Material supplied

Segment Open

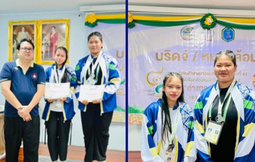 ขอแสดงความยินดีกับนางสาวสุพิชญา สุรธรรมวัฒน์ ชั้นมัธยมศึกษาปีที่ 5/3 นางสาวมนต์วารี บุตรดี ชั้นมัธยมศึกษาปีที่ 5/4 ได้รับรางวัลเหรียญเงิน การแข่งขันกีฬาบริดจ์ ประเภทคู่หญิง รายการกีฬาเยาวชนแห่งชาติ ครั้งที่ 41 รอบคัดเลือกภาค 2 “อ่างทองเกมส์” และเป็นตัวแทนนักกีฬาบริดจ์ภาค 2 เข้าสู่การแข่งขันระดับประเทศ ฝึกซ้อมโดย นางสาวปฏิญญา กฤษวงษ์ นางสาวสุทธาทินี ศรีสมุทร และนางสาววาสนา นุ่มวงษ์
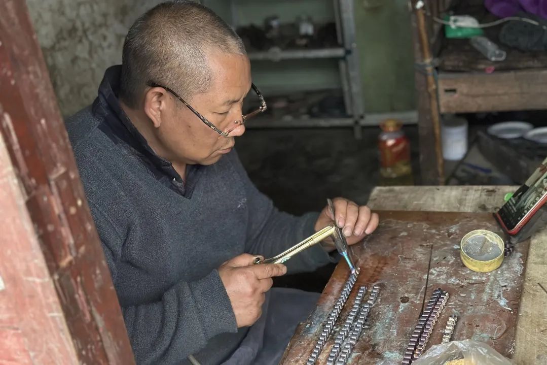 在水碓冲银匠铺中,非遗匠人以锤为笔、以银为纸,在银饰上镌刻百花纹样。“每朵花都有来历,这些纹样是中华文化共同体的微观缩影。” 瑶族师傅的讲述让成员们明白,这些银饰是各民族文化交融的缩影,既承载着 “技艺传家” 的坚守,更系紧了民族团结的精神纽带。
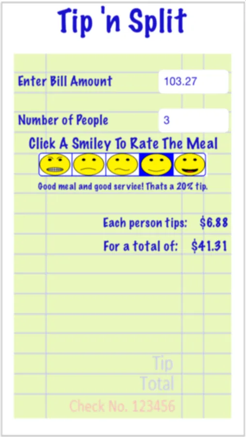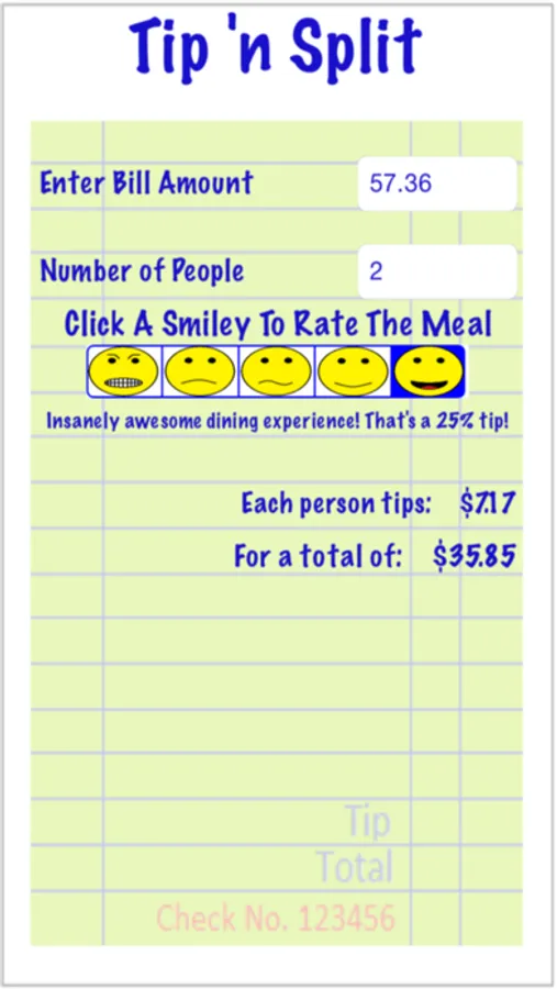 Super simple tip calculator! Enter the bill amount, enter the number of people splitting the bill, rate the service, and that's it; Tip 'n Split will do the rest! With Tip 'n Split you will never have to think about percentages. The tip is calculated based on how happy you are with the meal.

Segment Closed
Segment Open

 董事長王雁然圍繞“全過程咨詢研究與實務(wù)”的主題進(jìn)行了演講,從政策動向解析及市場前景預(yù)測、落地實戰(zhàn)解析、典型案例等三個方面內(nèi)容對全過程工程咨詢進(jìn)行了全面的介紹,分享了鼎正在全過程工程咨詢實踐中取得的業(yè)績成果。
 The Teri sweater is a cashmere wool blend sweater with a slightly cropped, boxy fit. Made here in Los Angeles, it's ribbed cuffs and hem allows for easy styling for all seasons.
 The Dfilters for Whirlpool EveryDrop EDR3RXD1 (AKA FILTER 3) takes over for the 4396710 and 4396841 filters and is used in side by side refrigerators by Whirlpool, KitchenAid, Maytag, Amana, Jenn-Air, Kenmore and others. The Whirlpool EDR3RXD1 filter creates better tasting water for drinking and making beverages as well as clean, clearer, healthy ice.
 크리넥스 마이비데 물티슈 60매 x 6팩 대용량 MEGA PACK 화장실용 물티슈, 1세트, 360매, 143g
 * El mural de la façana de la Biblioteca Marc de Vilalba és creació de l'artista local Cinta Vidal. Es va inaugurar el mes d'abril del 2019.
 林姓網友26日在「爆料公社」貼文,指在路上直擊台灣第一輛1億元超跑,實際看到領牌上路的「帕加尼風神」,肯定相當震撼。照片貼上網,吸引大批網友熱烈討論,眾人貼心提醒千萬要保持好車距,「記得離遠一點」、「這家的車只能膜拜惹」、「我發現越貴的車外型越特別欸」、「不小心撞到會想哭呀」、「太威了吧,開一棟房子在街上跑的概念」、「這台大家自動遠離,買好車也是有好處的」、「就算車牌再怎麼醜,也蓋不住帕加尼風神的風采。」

Segment Closed

What is expected
All that belongs in the answer is the run of lines above from the line containing "The Teri sweater" through the line containing "林姓網友26日在「爆料公社」", exactly as written.

The completed task
 The Teri sweater is a cashmere wool blend sweater with a slightly cropped, boxy fit. Made here in Los Angeles, it's ribbed cuffs and hem allows for easy styling for all seasons.
 The Dfilters for Whirlpool EveryDrop EDR3RXD1 (AKA FILTER 3) takes over for the 4396710 and 4396841 filters and is used in side by side refrigerators by Whirlpool, KitchenAid, Maytag, Amana, Jenn-Air, Kenmore and others. The Whirlpool EDR3RXD1 filter creates better tasting water for drinking and making beverages as well as clean, clearer, healthy ice.
 크리넥스 마이비데 물티슈 60매 x 6팩 대용량 MEGA PACK 화장실용 물티슈, 1세트, 360매, 143g
 * El mural de la façana de la Biblioteca Marc de Vilalba és creació de l'artista local Cinta Vidal. Es va inaugurar el mes d'abril del 2019.
 林姓網友26日在「爆料公社」貼文,指在路上直擊台灣第一輛1億元超跑,實際看到領牌上路的「帕加尼風神」,肯定相當震撼。照片貼上網,吸引大批網友熱烈討論,眾人貼心提醒千萬要保持好車距,「記得離遠一點」、「這家的車只能膜拜惹」、「我發現越貴的車外型越特別欸」、「不小心撞到會想哭呀」、「太威了吧,開一棟房子在街上跑的概念」、「這台大家自動遠離,買好車也是有好處的」、「就算車牌再怎麼醜,也蓋不住帕加尼風神的風采。」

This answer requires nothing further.